> Work instructions
In the data below, find the line with "こちらの茶碗蒸し、餡掛け風の" and the line with "чувствовать без этого.", then restate both and every line between them exactly, minus the pictures.

> Entries supplied
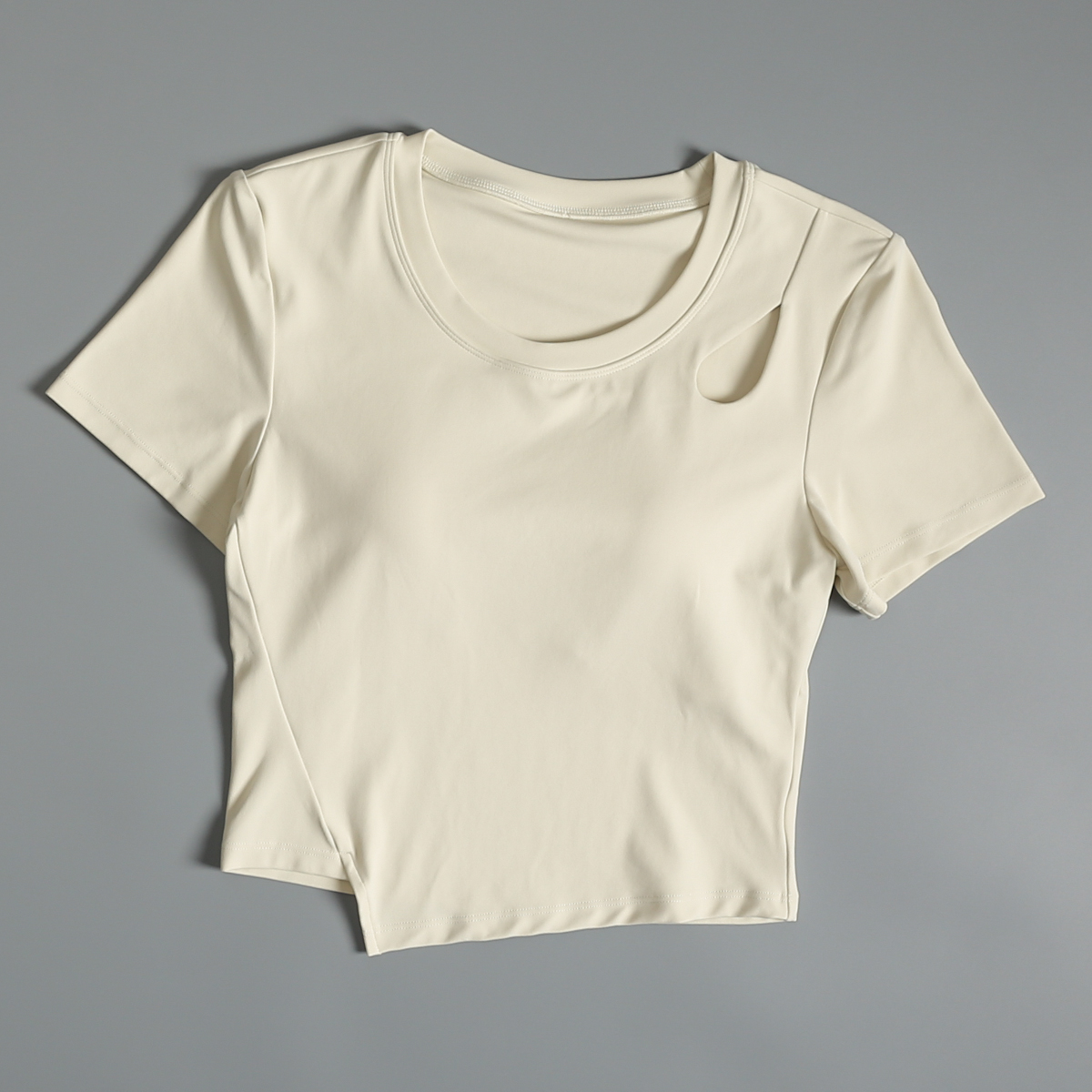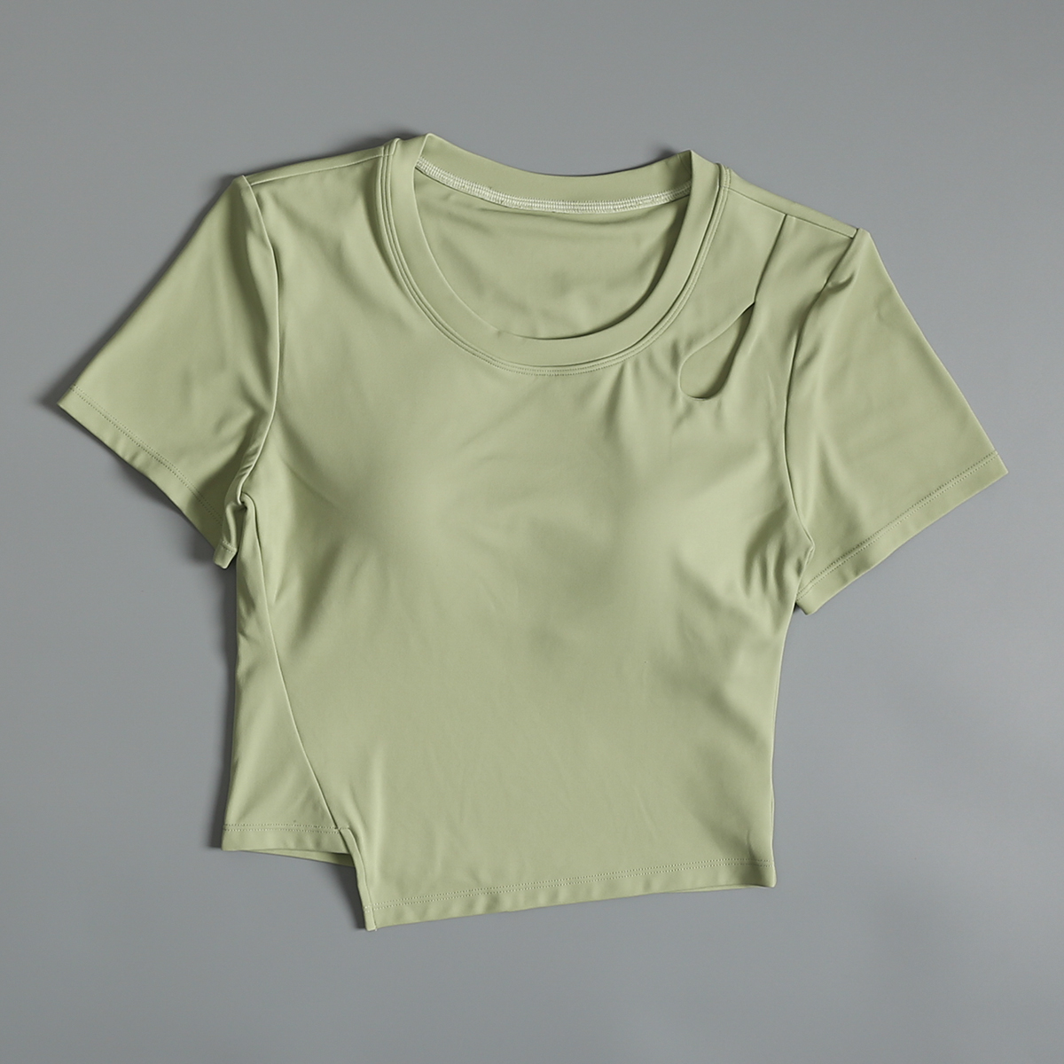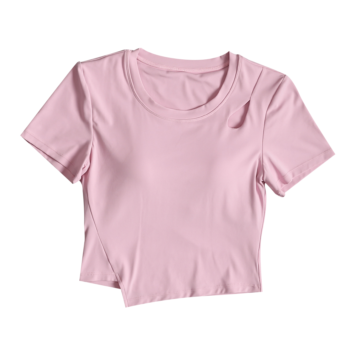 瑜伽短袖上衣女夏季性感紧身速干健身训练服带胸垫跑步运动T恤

* * *

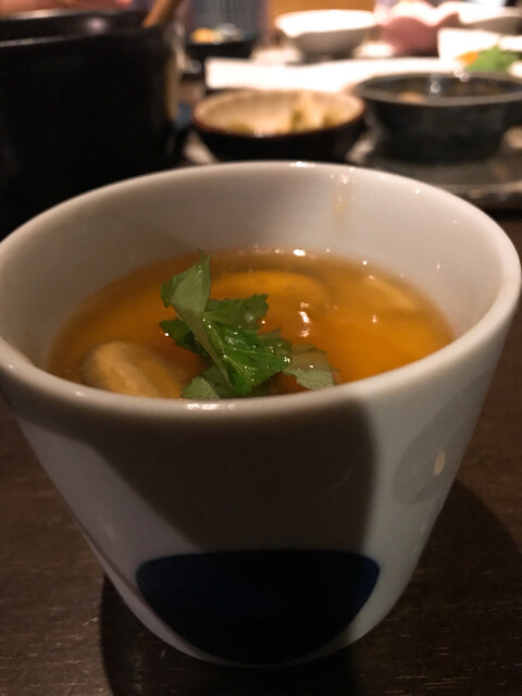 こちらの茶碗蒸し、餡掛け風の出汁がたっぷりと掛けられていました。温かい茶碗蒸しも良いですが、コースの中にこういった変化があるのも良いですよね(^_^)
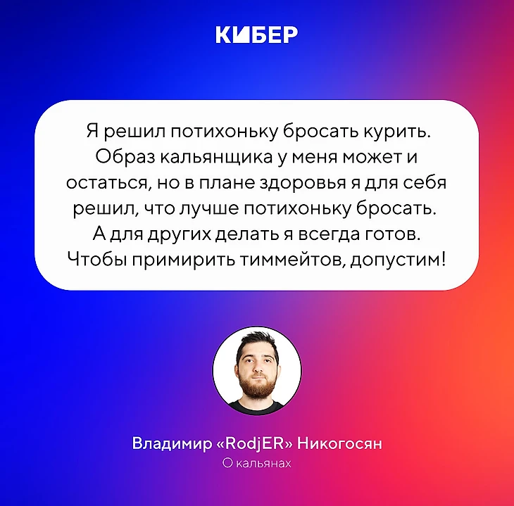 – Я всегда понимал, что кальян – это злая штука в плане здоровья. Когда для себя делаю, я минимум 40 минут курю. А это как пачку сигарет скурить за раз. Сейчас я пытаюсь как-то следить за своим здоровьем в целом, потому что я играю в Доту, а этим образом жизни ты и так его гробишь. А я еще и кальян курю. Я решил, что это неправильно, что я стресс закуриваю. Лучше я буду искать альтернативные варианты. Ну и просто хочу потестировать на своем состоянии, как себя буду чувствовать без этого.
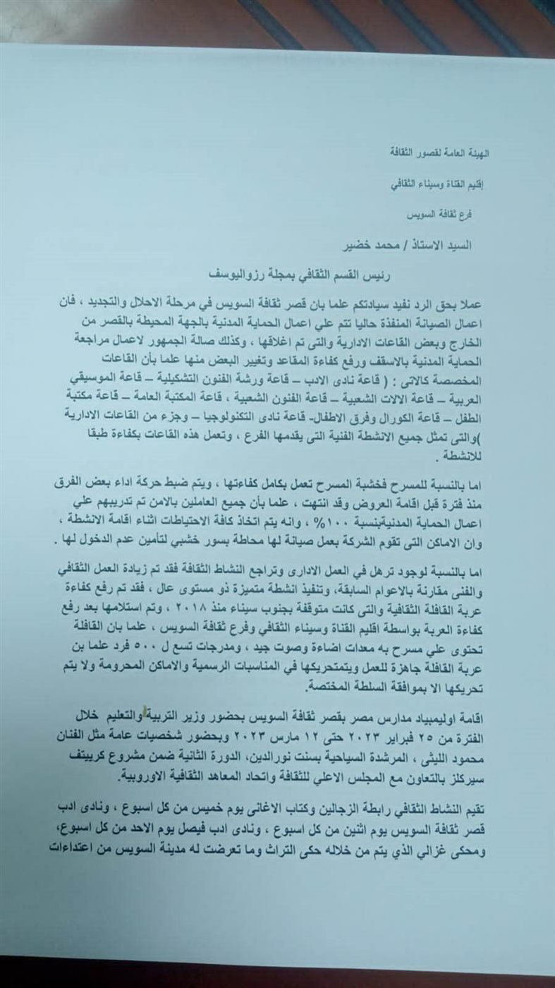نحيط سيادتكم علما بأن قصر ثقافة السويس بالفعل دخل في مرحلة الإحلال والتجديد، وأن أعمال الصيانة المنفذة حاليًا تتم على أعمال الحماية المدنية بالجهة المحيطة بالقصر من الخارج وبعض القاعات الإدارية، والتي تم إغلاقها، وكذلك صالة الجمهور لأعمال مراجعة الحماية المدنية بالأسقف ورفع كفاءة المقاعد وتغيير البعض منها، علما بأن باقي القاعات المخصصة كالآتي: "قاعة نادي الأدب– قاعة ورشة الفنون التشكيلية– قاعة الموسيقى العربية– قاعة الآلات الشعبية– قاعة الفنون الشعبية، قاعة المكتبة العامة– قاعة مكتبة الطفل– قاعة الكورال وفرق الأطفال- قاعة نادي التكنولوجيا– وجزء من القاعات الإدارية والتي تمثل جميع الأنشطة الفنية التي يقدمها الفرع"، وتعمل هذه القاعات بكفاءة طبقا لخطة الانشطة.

> Solution to the problem
 こちらの茶碗蒸し、餡掛け風の出汁がたっぷりと掛けられていました。温かい茶碗蒸しも良いですが、コースの中にこういった変化があるのも良いですよね(^_^)
 – Я всегда понимал, что кальян – это злая штука в плане здоровья. Когда для себя делаю, я минимум 40 минут курю. А это как пачку сигарет скурить за раз. Сейчас я пытаюсь как-то следить за своим здоровьем в целом, потому что я играю в Доту, а этим образом жизни ты и так его гробишь. А я еще и кальян курю. Я решил, что это неправильно, что я стресс закуриваю. Лучше я буду искать альтернативные варианты. Ну и просто хочу потестировать на своем состоянии, как себя буду чувствовать без этого.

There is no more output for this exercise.